• Work order:
Determine how many lines below contain the word "entre", then state only that figure.

• Exercise materials:
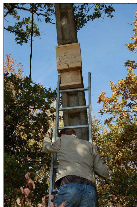
Pose d'un nichoir à chauves-souris

Nous allons continuer à approfondir les liens entre nos deux structures qui sont complémentaires.
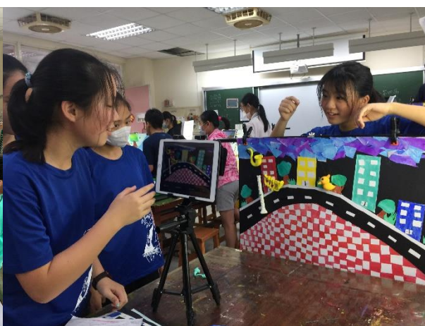
團隊合作拍攝動畫
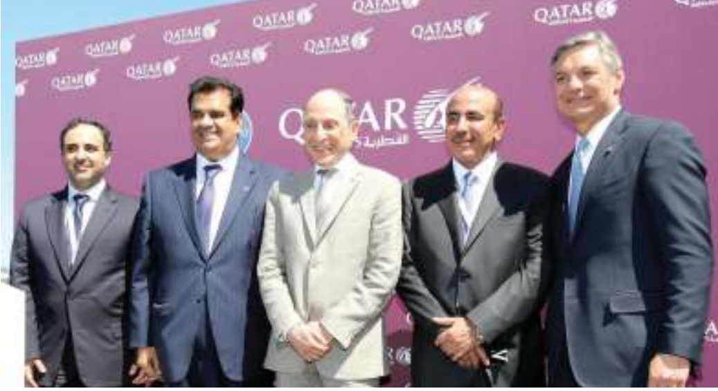
كبار الشخصيات خلال معرض باريس

كشفت الخطوط الجوية القطرية النقاب أمس، عن أول طائرة في أسطولها مزودة بالتجربة الجديدة للسفر على متن درجة رجال الأعمال - كيو سويت، والتي حصلت على جائزة مرموقة مؤخراً.
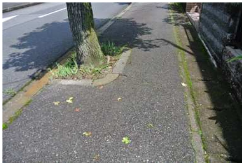
要望 1-1 日吉台一丁目 2-5 付近
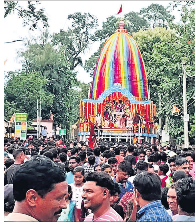
ଲାଞ୍ଜିଗଡ଼ଠାରେ ରଥ ଚାଣି ନେଉଛନ୍ତି ଶ୍ରଦ୍ଧାଳୁ ।
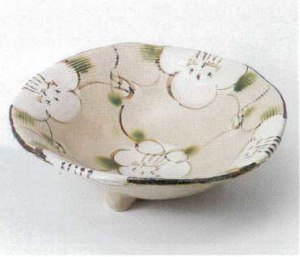
ア240-13 山茶花三ツ足8.0盛鉢 φ24×7cm 3,800円
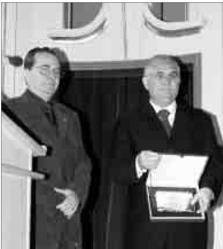
Radio Alcoy (2007)
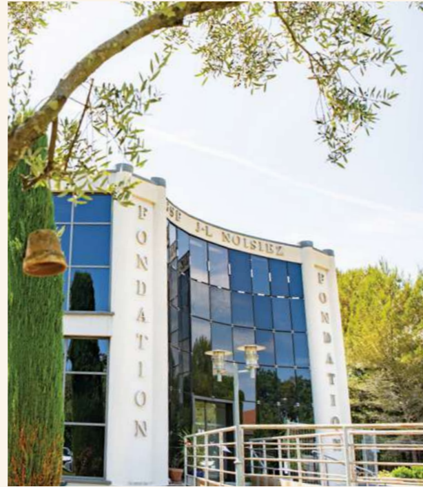
La Fondation GSF Jean Louis Noisiez
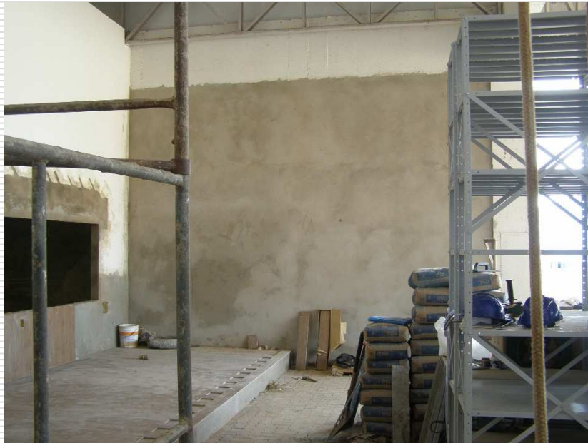
Fechamento de alvenaria executada
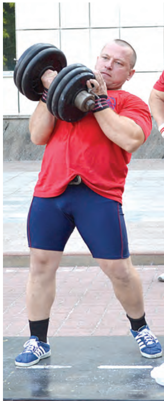
Четыре с лишним пуда одной правой!
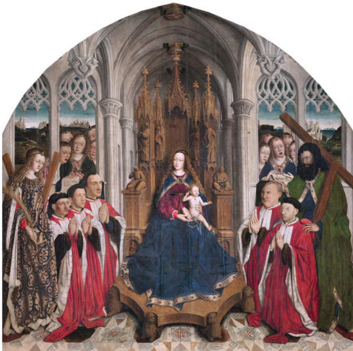
Lluís Dalmau, Mare de Déu dels Consellers . Museu Nacional d'Art de Catalunya.

Jacomart pertenece de lleno a esa tradición medieval que pretendió –y logró– hacer del arte un instrumento del universalismo católico, cuando los ideales religiosos todavía eran el lazo de unión entre el individuo y la sociedad.
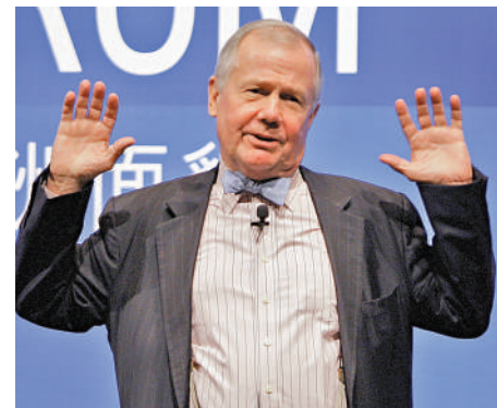
▲羅傑斯建議，明年投資者持有貴金屬，因在恐慌時期比其他資產保值。

幣政策，甚至有大幅減息的可能，料到2025年上半年聯邦基金利率將降至1.25厘。但減息不會成為利好因素，因為代表經濟衰退不斷惡化。
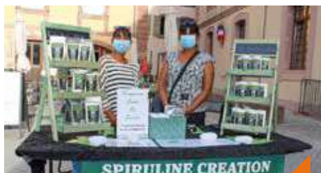
Le marché des producteurs locaux

• Written solution:
2